# NOOB w/Alpine 7307/Soundstream Reference 200S install questions



## 02guy (May 28, 2014)

Hey everyone, I'm wondering how I may possibly hook up an iPod input to this program... Not too keen on the cassette/FM plan as I don't want to wear out my belt and FM is spotty. 

Bluetooth would be OK with some extra gear purchase (if possible?) but a hard-wired option would be preferred. 

Is there some piece of gear that I could plug into the amp alongside the deck with a dual RCA input splitter?
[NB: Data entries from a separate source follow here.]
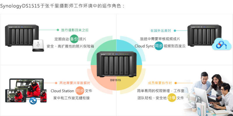 一次偶然机会,张千里摄影师参加了Synology的DSM操作系统发布会,通过现场工作人员的讲解,张千里了解到SynologyNAS服务器有相当高的可靠性,同时操作又直观又容易上手,对IT技术产品不太熟悉的摄影师群体也可以轻松上手,2012年开始张千里决定尝试DS1513+,以备备不时之需,并在2015年额外购买了DS1515作为工作室的NAS服务器。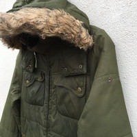 Vintage Tommy Hilfiger Warm Puffer Bomber Jacket Green ArmyHoodie with detachable fur Size: stated XS Measurement (inch): shoulder to shoulder= 15.5" Armpit to armpit= 18" Back collar to hem=23" Sleeves(from shoulder): = 25.5'' Material = nylon / lightweight Condition : Good Condition no holes, tears etc...9/10 P/S: this item may has been used or worn previously. Additional: ●All Measurements were been measured flat on the floor. ●Please don't expect this item condition is 100% like new unless we have mention it. ●Please do not hesitate to contact us if you have any inquiries.Its our great pleasure to have conversation with customers. ●no return & refund if its do not meet your demand, please look carefully on details given. SHIPPING & HANDLING INFORMATION : # we shipped worldwide except ISRAEL. It's safe and you will be given tracking number for all item # we shipped items within 48 hours after receiving a cleared payment on Pay Pal (except for public holidays and weekends) and please do make sure your address is correct. # Please leave us your contact phone number, as the shipping company always need the phone number to help delivering. # we do offer combine shipping to save on postage cost. Do please contact us for combine postage after final purchases for combine shipping. Shipping cost: 1) DHL EXPRESS : $30 (ETA 3-5 DAYS TO ARRIVE) (PLEASE REQUEST IF THE ITEM NEEDED TO BE EXPEDITED - ADDITIONAL COST REQUIRED;, UNLESS, WE USED REGISTERED MAIL SERVICE ) 2) REGISTERED MAIL INTERNATIONAL SERVICE : $20 (ETA 14-21 DAYS TO ARRIVE) Thank you very much for your visit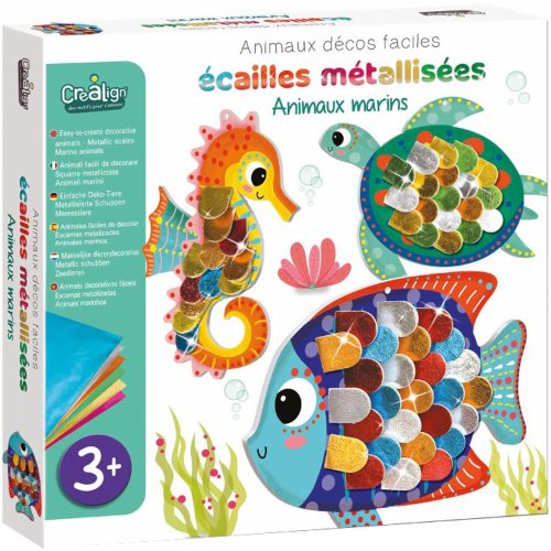 Kreatívna sada pre deti od francúzskej značky Créa Lign z radu Jednoduché obrázky Vhodná pre deti od 3 rokov Obsahuje 3 zvieratká z tvrdého kartónu, 64 šupín na nalepenie a 6 hárkov smetalickými farbami Vďaka nim si deti zvieratká jednoducho dotvoria a vzniknú im originálne 3D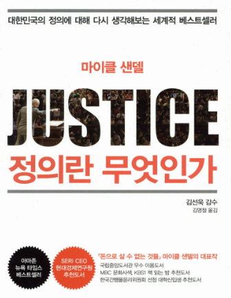 이 책이 왜 그렇게 많이 판매되었는지에 대해서는 논란이 있겠으나, 그 이유 중 하나는 한국 사람들이 ‘정의’에 대해 갖는 특별한 감정과도 관련이 있다는 것이다. 한국 사회가 불공정하다는 분노의 감정 속에서, 불공정의 원인이나 해결책 등을 알아보고 싶었다는 것이다.
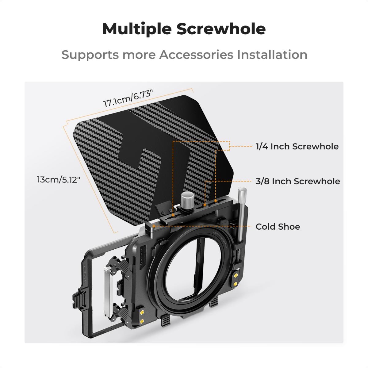 - * 【Compatibilidad completa】Incluye 5 anillos adaptadores (67/72/77/82/95 mm) que se adaptan a la mayoría de objetivos de cámaras DSLR y sin espejo. También incluye varios puertos de expansión (1/4", 3/8", zapata fría) para instalar accesorios adicionales y mejorar aún más la experiencia fotográfica.
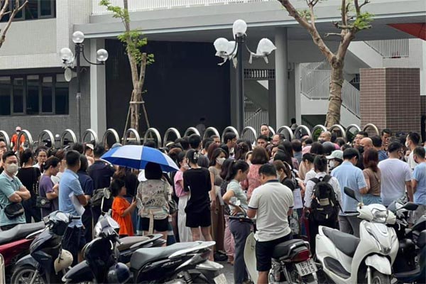 Hàng trăm phụ huynh tập trung tại cổng trường. Ảnh: Cư dân Vinhomes Smart City Tây Mỗ.

Taking the deck apart and soldering isn't worth it for me; I will stick to the tapes then...

All this stuff is going into a 1972 BMW and it's going to be period-erriffic. 

Again, Alpine 7307 cassette and Soundstream Reference 200S into ADS 300i speakers in the parcel shelf and speakers in the kick panels next year. 
I will get some photos up tomorrow if there's interest but I thought I'd throw this out there in case there's a quick answer! 
Thanks so much from the NOOB OF THE YEAR... I know very little about car audio installation.


----------



## wurgerd9 (Mar 22, 2013)

So you have a 2002? Cool, I have a 320is with an old school system. Anyway, if the deck has RCA outputs (or DIN that can be adapted to RCA) one option is to get any equalizer that has dual inputs and just install that after the deck and before the amp. They usually then have a button to choose which source you are using so in one position it would take the signal from the deck and in the other position it would take the signal from an ipod and just pass it on to the amp. You either use the ipod for volume level, or if you have an eq with a volume control, you can use that instead. I did this once in a 1966 Mustang using a Clarion EQS-746. One downside is that it would not be a period correct unit. (though maybe you could hide it in the glovebox or something like that.) There were some that had dual inputs way back when, but they are a bit harder to find. Look on ebay for a Rockford Fosgate PA-1 to see a period correct one.


----------



## 02guy (May 28, 2014)

Hey thanks wurgerd9! I hadn't thought of this but *DUH* this is the same setup I have in my garage! OOPS. 
I will look into that Clarion model you mentioned for the glove box... seems like a good option. 
Is your BMW an E21 or E30? I would be pleased to own either one if I had a bigger garage... 
Cheers!


----------



## wurgerd9 (Mar 22, 2013)

Your Welcome! Mine is an 83 E21. If you wanted to see a few pictures of the installs, you could see either on the thread "Old School Builds I've seen the collections Let's see the installs" My Mustang (since sold) is on page 2 and the Bimmer on page 4. Love to see some of you 02 when it's done. That is an awesome old Alpine deck and great choices for amp and speakers. I was looking for some A/D/S rear plates for mine but couldn't find any at the time or for the right price.


----------



## CK1991 (Jul 13, 2013)

All I can say is do not attempt to change that cassette belt yourself. Those decks are a freaking nightmare inside. Not service friendly at all. I know...I have one that's a doorstop. Changed the belt, a bunch of wires broke solder connections, had it resoldered, then another wire broke when I was bench testing it and it shorted out.


----------